WHAT TO DO ::
Reproduce, exactly and only, the lines of the data that follows from the one containing "まるでお店焼き肉。高級感ある" down to the one containing "Álvaro García, presidente", without pictures.

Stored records
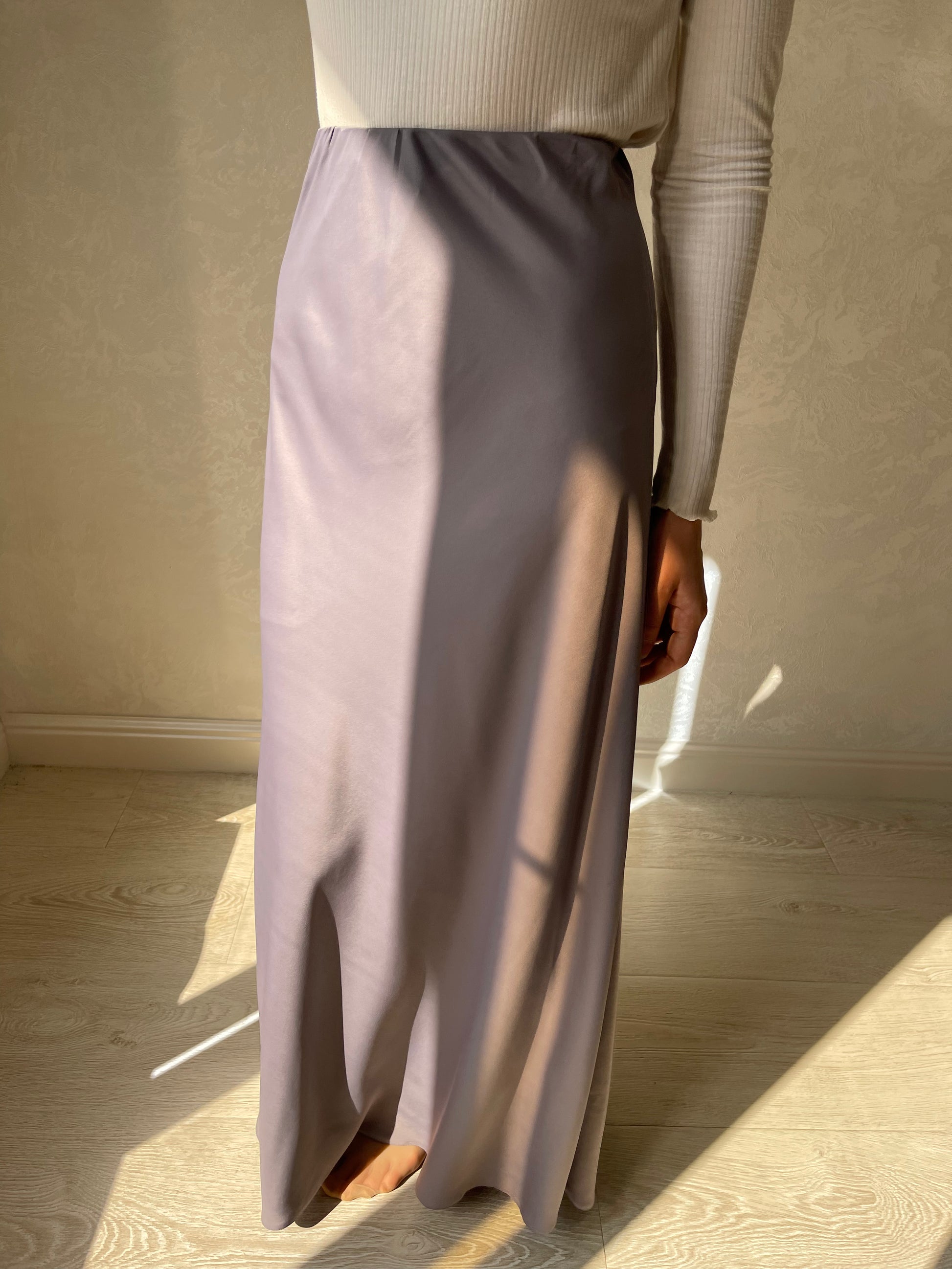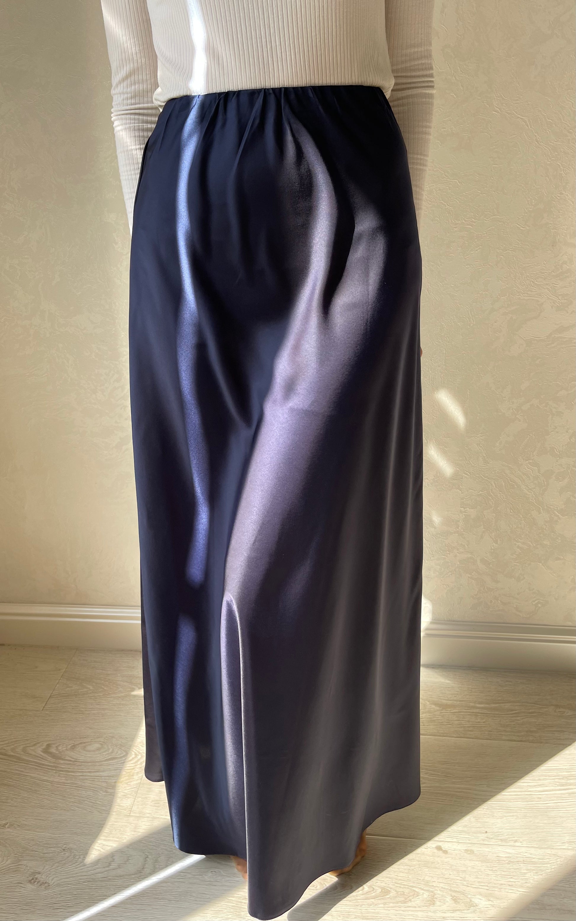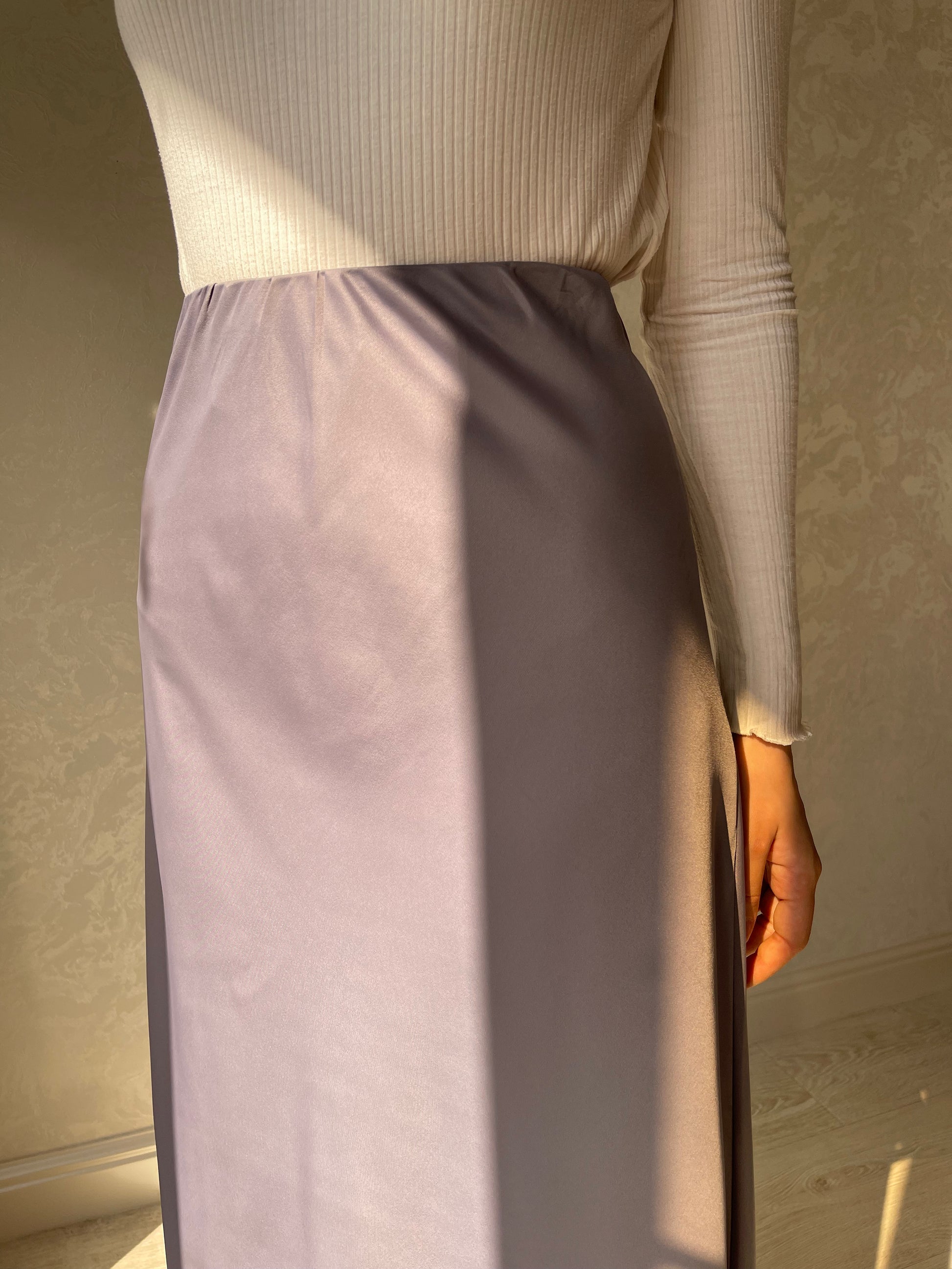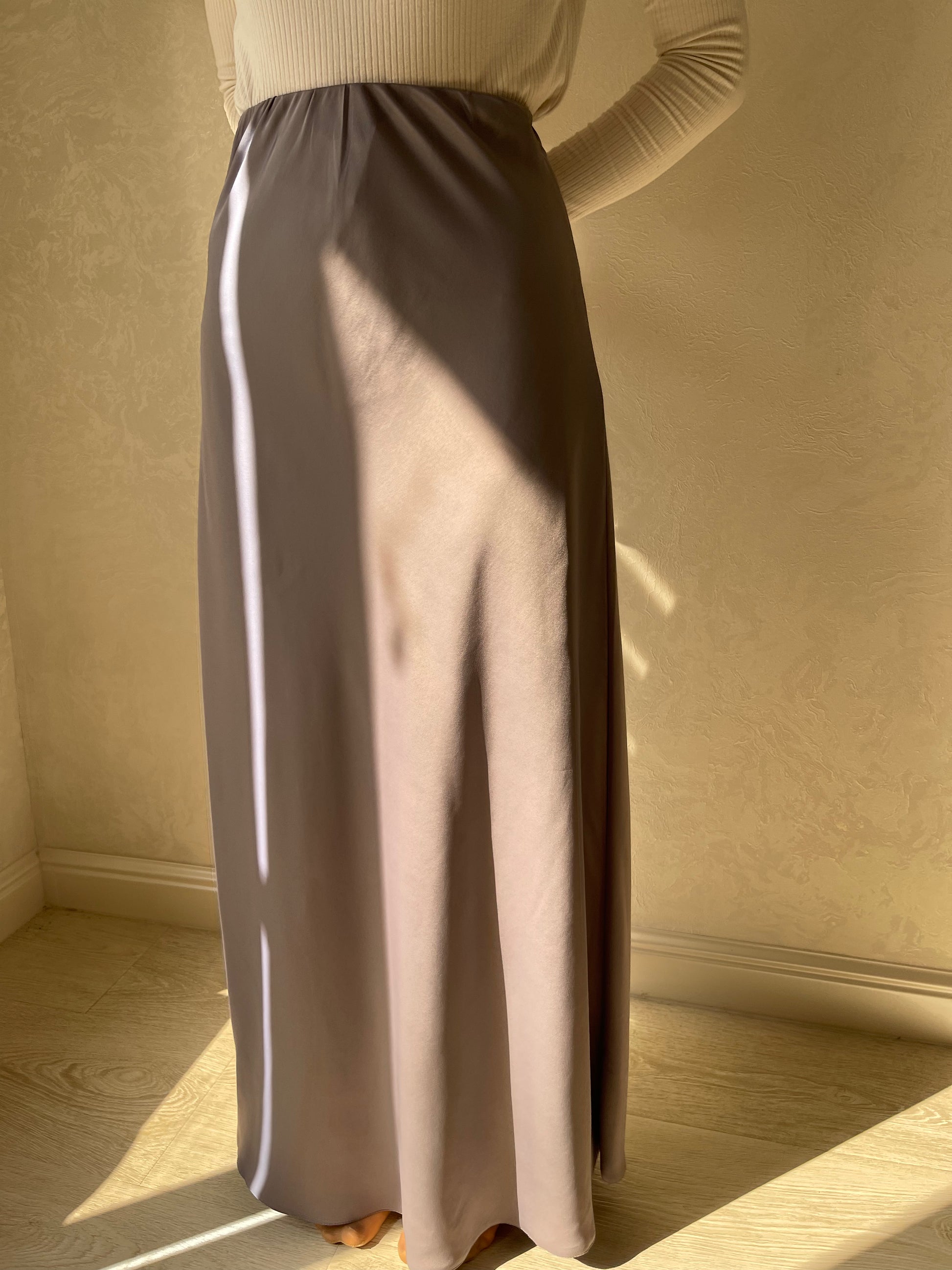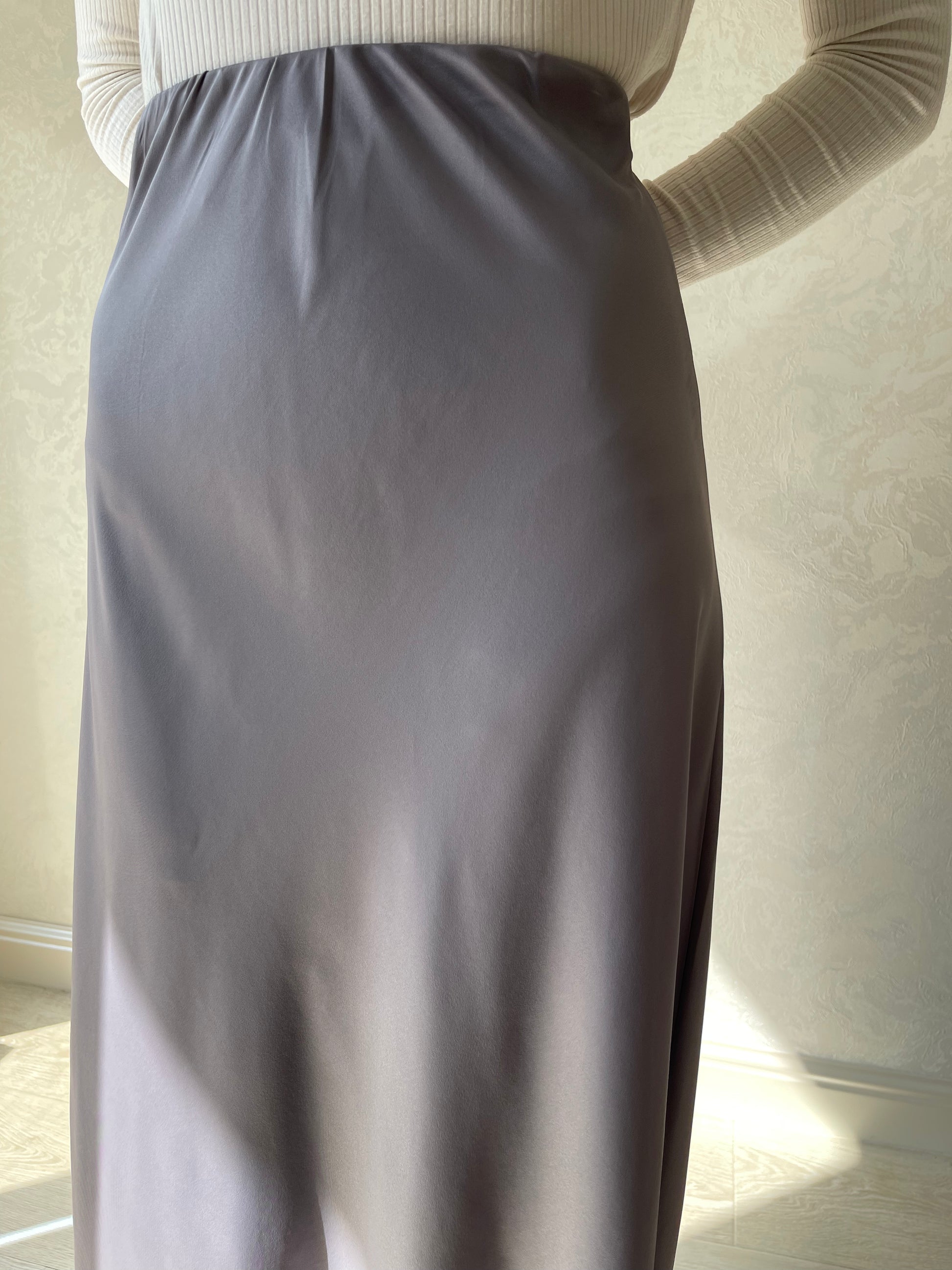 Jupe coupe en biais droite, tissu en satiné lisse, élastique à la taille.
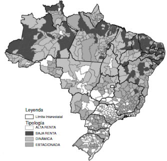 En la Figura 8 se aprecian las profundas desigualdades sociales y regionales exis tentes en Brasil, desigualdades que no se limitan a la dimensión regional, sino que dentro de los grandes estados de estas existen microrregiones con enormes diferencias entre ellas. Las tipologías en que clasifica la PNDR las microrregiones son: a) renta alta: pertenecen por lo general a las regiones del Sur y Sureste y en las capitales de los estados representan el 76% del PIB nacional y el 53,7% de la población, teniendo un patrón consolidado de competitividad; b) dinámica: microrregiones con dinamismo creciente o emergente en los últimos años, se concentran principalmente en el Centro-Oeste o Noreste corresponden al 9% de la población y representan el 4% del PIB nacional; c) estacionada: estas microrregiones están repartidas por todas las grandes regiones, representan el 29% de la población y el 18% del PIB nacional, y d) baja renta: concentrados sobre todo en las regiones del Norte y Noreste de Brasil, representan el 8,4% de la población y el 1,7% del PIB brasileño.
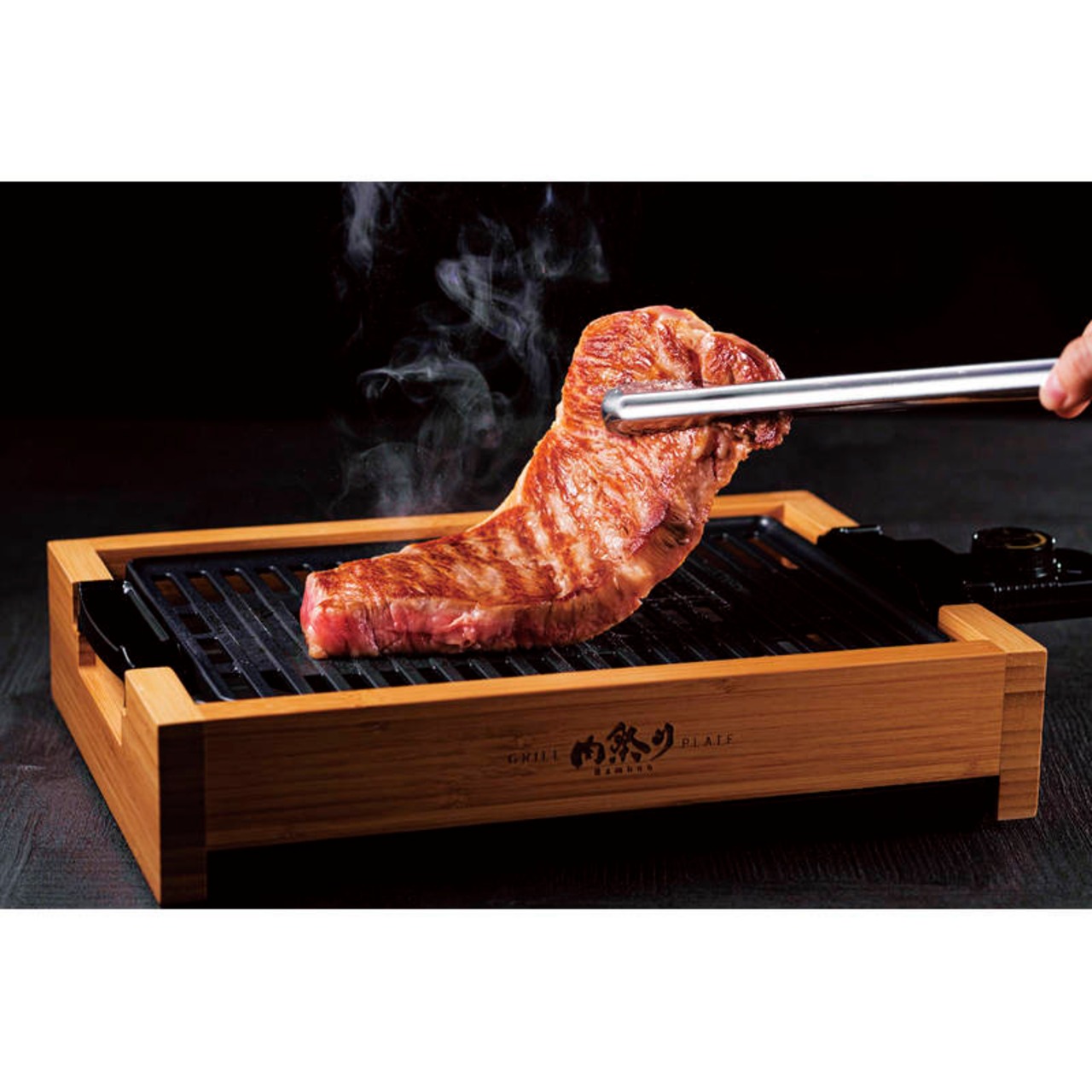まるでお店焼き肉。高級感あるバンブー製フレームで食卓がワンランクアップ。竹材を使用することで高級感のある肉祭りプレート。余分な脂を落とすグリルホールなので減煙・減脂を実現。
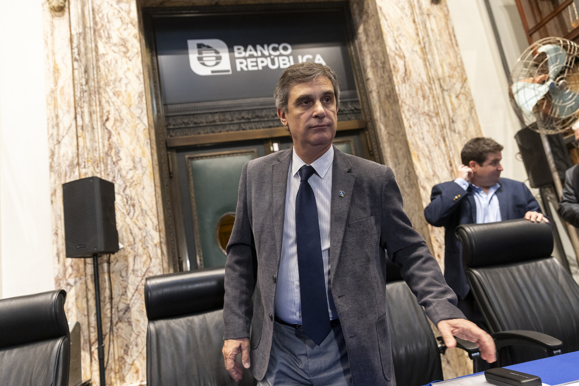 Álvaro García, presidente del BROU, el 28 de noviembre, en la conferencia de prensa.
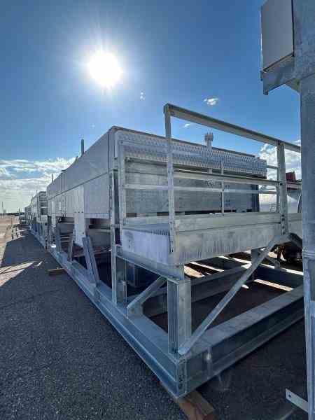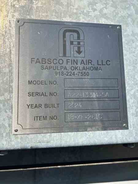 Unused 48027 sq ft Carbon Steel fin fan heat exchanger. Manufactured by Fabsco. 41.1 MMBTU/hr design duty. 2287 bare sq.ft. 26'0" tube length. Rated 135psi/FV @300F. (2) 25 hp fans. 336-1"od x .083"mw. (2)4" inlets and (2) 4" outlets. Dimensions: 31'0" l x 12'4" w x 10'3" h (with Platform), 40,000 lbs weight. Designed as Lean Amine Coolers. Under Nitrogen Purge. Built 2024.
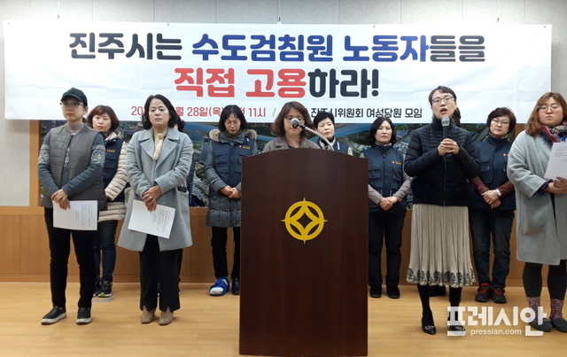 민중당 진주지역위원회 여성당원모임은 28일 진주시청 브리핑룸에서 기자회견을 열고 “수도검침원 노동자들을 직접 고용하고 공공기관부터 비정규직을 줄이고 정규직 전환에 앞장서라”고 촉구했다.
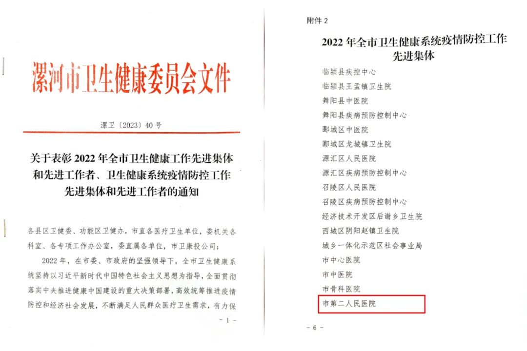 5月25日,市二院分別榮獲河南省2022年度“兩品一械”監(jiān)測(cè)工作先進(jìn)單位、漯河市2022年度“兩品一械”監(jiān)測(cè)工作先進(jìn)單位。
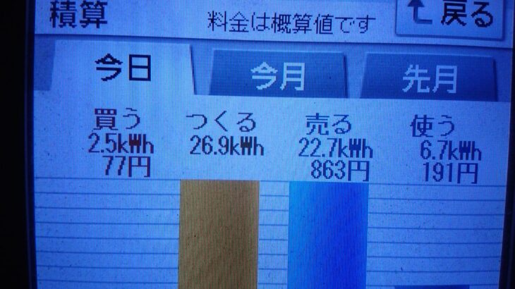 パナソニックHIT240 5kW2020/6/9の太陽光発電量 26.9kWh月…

TASK ANSWER ::
まるでお店焼き肉。高級感あるバンブー製フレームで食卓がワンランクアップ。竹材を使用することで高級感のある肉祭りプレート。余分な脂を落とすグリルホールなので減煙・減脂を実現。
 Álvaro García, presidente del BROU, el 28 de noviembre, en la conferencia de prensa.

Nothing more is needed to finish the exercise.